Enrique Vazquez Oria

Don Rafael, el frutero…

Hoy quiero traerles al arrumaco de nuestro fuego una historia digna de ser contada. Tengo por buena costumbre últimamente departir con Don Rafael, el frutero de mi barrio, sobre cualquier cosa que venga a cuento. Un día fútbol, otro día es política, algunos sobre pura filosofía, de vida, claro, porque en eso, créanme, es una eminencia. Ocurre hasta que el pequeño dispensario se le llena de marujonas y con un leve guiño me despide, y así viene ocurriendo desde hace tiempo. Don Rafael es un hombre recio, de los de antes, con el mentón pronunciado y las manos gruesas, herencia de otro tiempo donde cultivaba su propia huerta. Peina canas pero conserva el pelo, como él dice, blancas como su corazón, sevillista y libre. Tiene guardada una sonrisa y un consejo para todo aquel que asome, y es que se conoce al dedillo las propiedades curativas de su fruta. Que si usted anda cansado, sus naranjas, la mejores; que si la señora tiene mal las articulaciones, manzanas y peras de agua, no lo dude. Tan bien lo hace que uno sale de allí convencido de lo que se lleva, además de llevarte de regalo una sonrisa, su sonrisa, gesto apreciado por todo el que le estima, pues lleva vendiendo fruta, en el mismo puesto, casi cincuenta años. Siempre con su esposa, hasta que se la llevó el cáncer un frío invierno, pero Rafael no perdió jamás las buenas maneras y las ganas de vida, y eso le hace grande entre los grandes, y testigos somos todos los que allí acudimos cada mañana…
La casualidad quiso que, desayunando en una pequeña taberna que hay al lado de su puesto, el camarero y dueño, compañero de mili de Rafael y algo más que un amigo para nuestro protagonista, me hiciera una confesión entre café y café. Al parecer, desde hacía dos años, desde que su mujer faltaba, Rafael iba a tomarse el vinito a su bar, los Viernes tarde, como premio a una semana dura. Y cada Viernes, Rafael, solemne, le pedía al dueño permiso para hacer desde allí una llamada. -Era corta, él no hablaba, me extrañó desde el principio…- me dijo el dueño. Y fue cuando un día decidió, al irse Rafael, pulsar sobre el botón de rellamada, extrañado por tanto misterio…

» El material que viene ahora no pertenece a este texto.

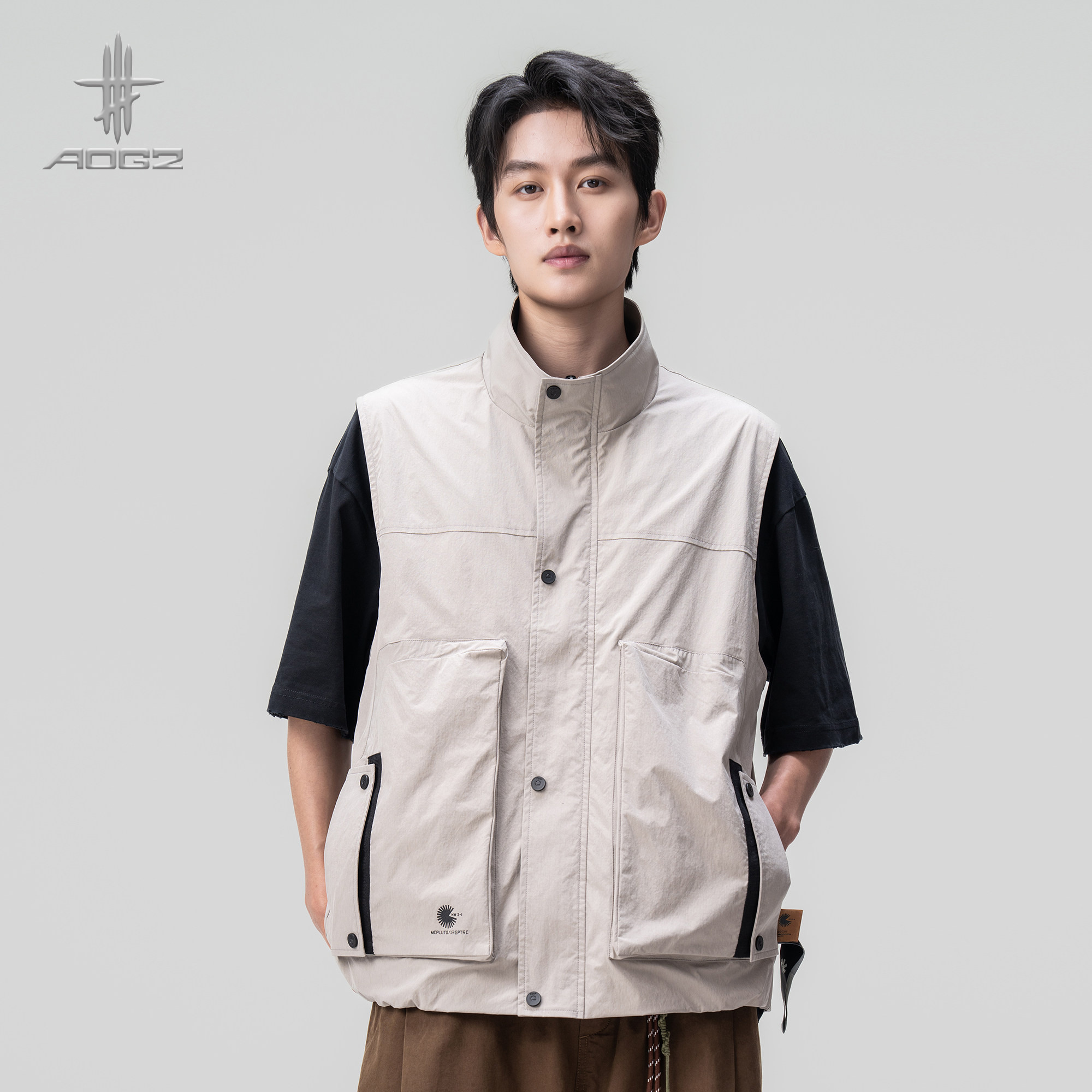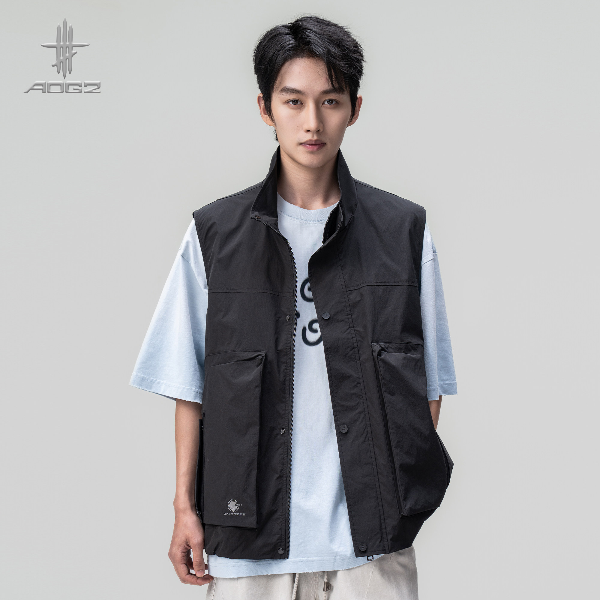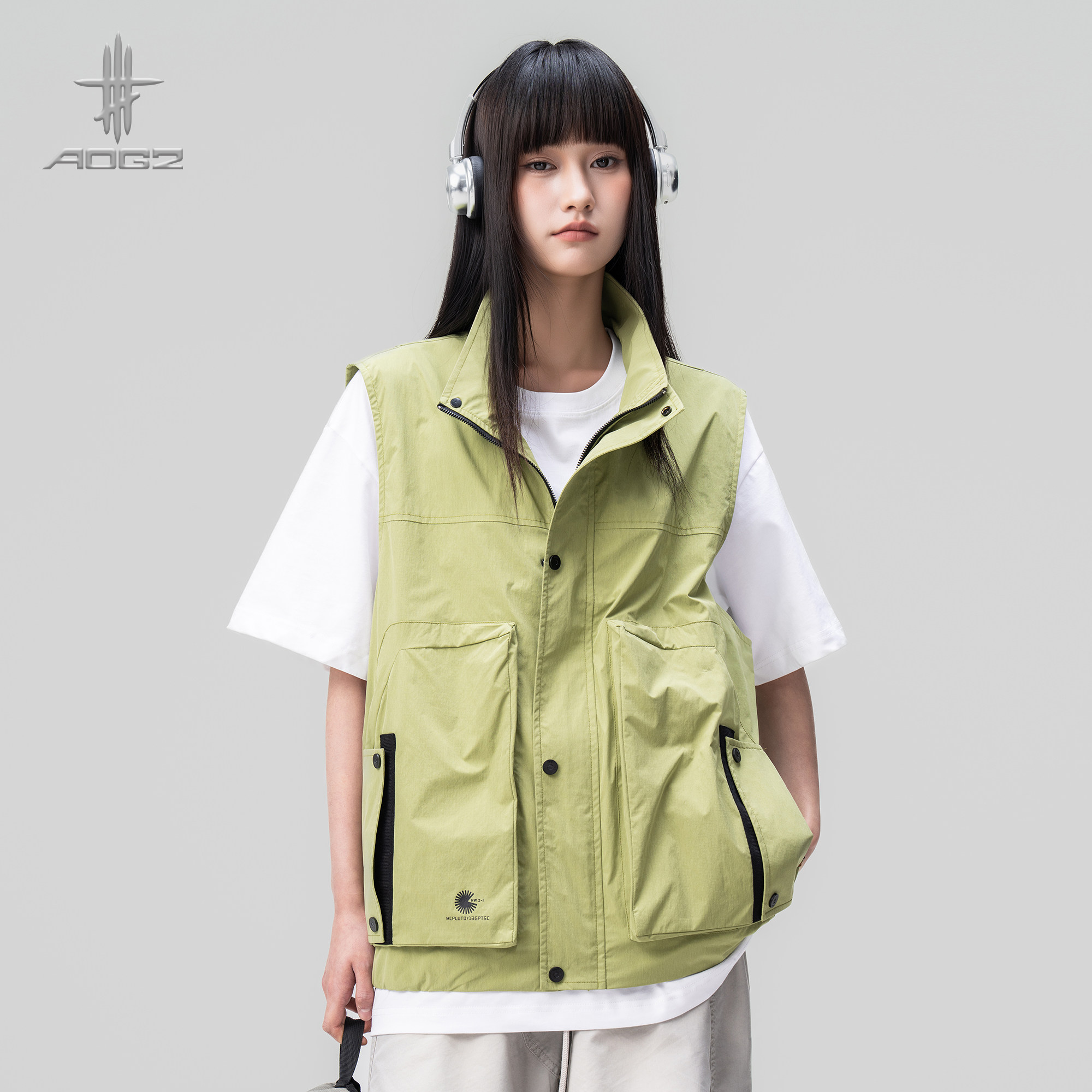 AOGZ美式立领机能风马甲男女2026春夏新款户外无袖坎肩背心外套潮

Tenían que ver sus ojos brillantes. Me comentó que aún le temblaban las piernas al recordar al otro lado del auricular la voz de su esposa, la de Rafael, que hablaba, con voz joven, de dejar el mensaje después de la señal. Entonces entendió que Don Rafael llamaba a su propia casa para escucharla, cada semana después de la copita, aunque fuera sólo una grabación de contestador, pero probablemente la única manera de sentirla cerca, al menos un momento, suficiente para seguir adelante. Es quizás por eso que nuestro héroe no ha perdido la sonrisa, es por eso, y por mucho más, que Rafael, el frutero de mi barrio, tiene mi eterno respeto…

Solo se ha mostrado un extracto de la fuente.